Having established the best reaction conditions, the applicability of catalyst 5 is demonstrated in the selective hydrogenation of various nitriles, including substituted aromatic, benzylic, aliphatic nitriles and dinitriles. The results for aromatic substrates are shown in Tables 2 and 3. Substrates with electron‐withdrawing substituents such as halides containing substrate are very efficiently converted to amines in excellent yields (Table 2, entries 1–5). Good yields are achieved for substrates with electron‐donating substituents such as methyl, methoxy and amino groups (Table 2, entries 7–9). Heterocycles, for instance, pyridine and thiophene derivatives are well tolerated (Table 2, entries 10–12).

Table 2

Hydrogenation of Various (Hetero)aromatic Nitriles Catalyzed by 5.[a]

[a] Reaction conditions: Substrate (0.6 mmol), catalyst 5 (2 mol%), 5 mL anhydrous toluene, 100 °C 50 bar H2, 18 h.

[b] Isolated yields as ammonium hydrochloride.

[c] GC yield.

[d] 3 mol%.

[e] 72 h.

[f] 48 h

Table 3

Hydrogenation of Various Aliphatic Nitriles and Dinitriles Catalyzed by 5.[a]
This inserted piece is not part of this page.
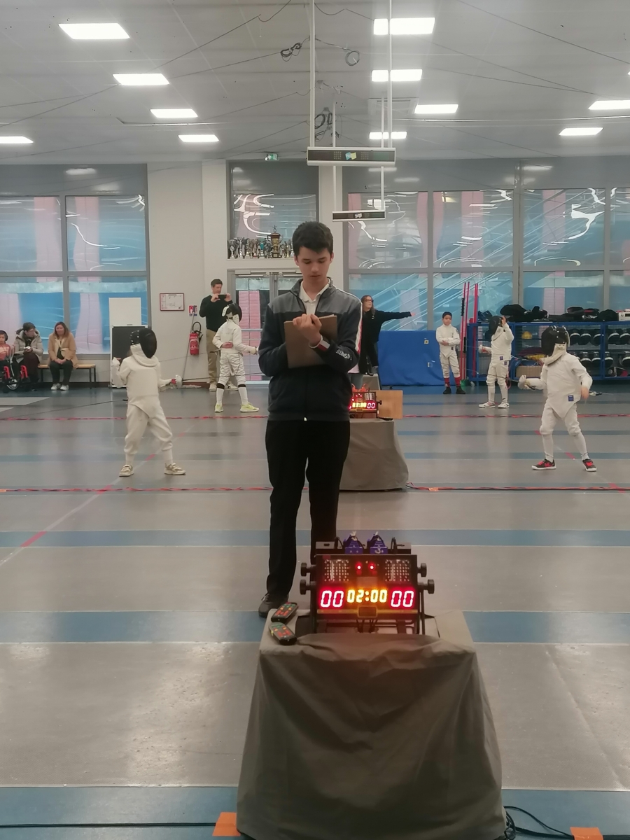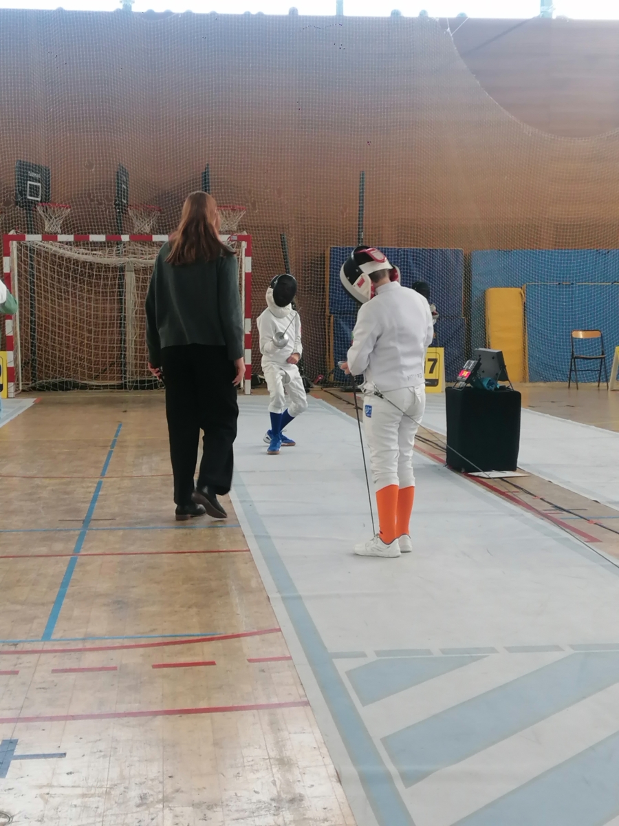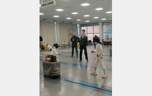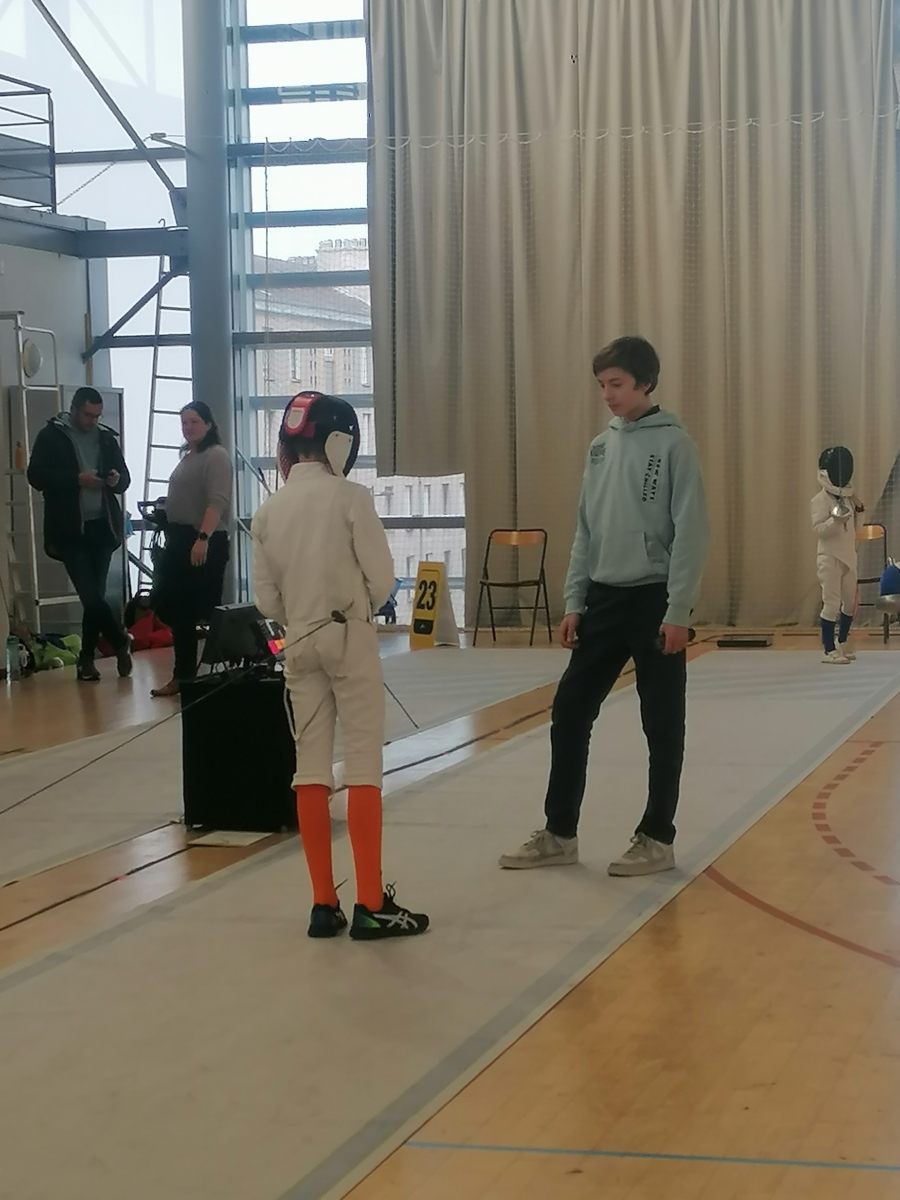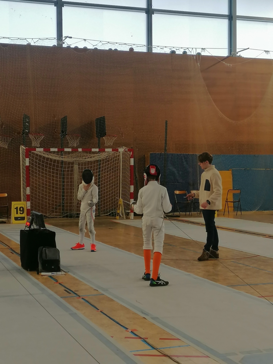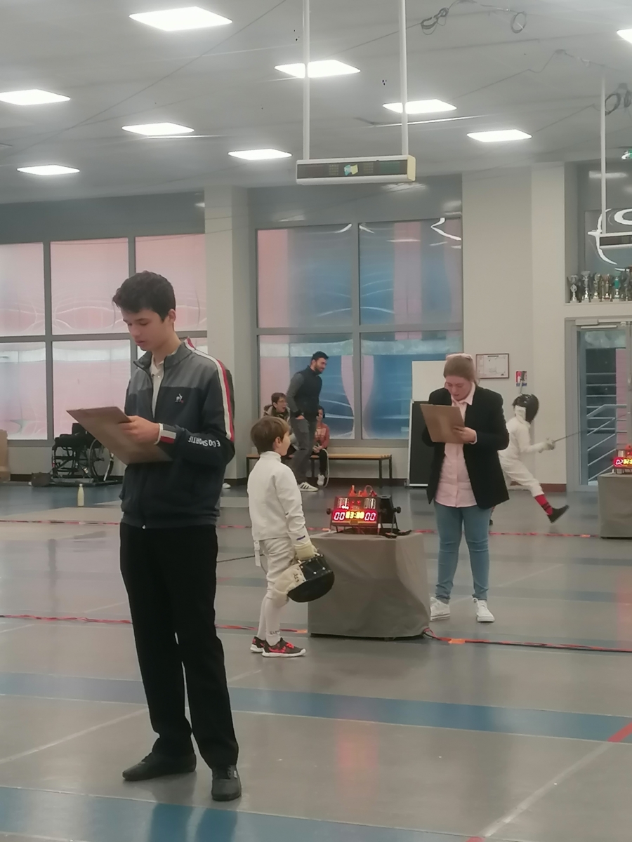 Samedi, Gwenaëlle LEVEQUE GUILLEMIN et Hugo LEGUYADER ont officié en catégorie M9 dans le cadre de leur formation d’arbitre départemental en épée.

[a] Reaction conditions: Substrate (0.6 mmol), catalyst 5 (2 mol%), 5 mL anhydrous toluene, 100 °C 50 bar H2, 18 h.

[b] Isolated yields as ammonium hydrochloride.

[c] GC yield.

[d] 3 mol%.

[e] 72 h.

[f] 48 h.

No reaction was observed in the case of 2‐(4‐nitrophenyl)acetonitrile (Table 3, entry 1) indicating catalyst deactivation. Dinitriles were reduced to the corresponding diamines in good to excellent yields (Table 3, entries 4–6). Interestingly, aliphatic dinitriles, such as adiponitrile (Table 3, entry 5) gave higher yields in comparison to the aromatic analogues (Table 3, entry 4). Finally, linear aliphatic nitriles were reduced to the corresponding amines in excellent yields (Table 3, entries 7–11).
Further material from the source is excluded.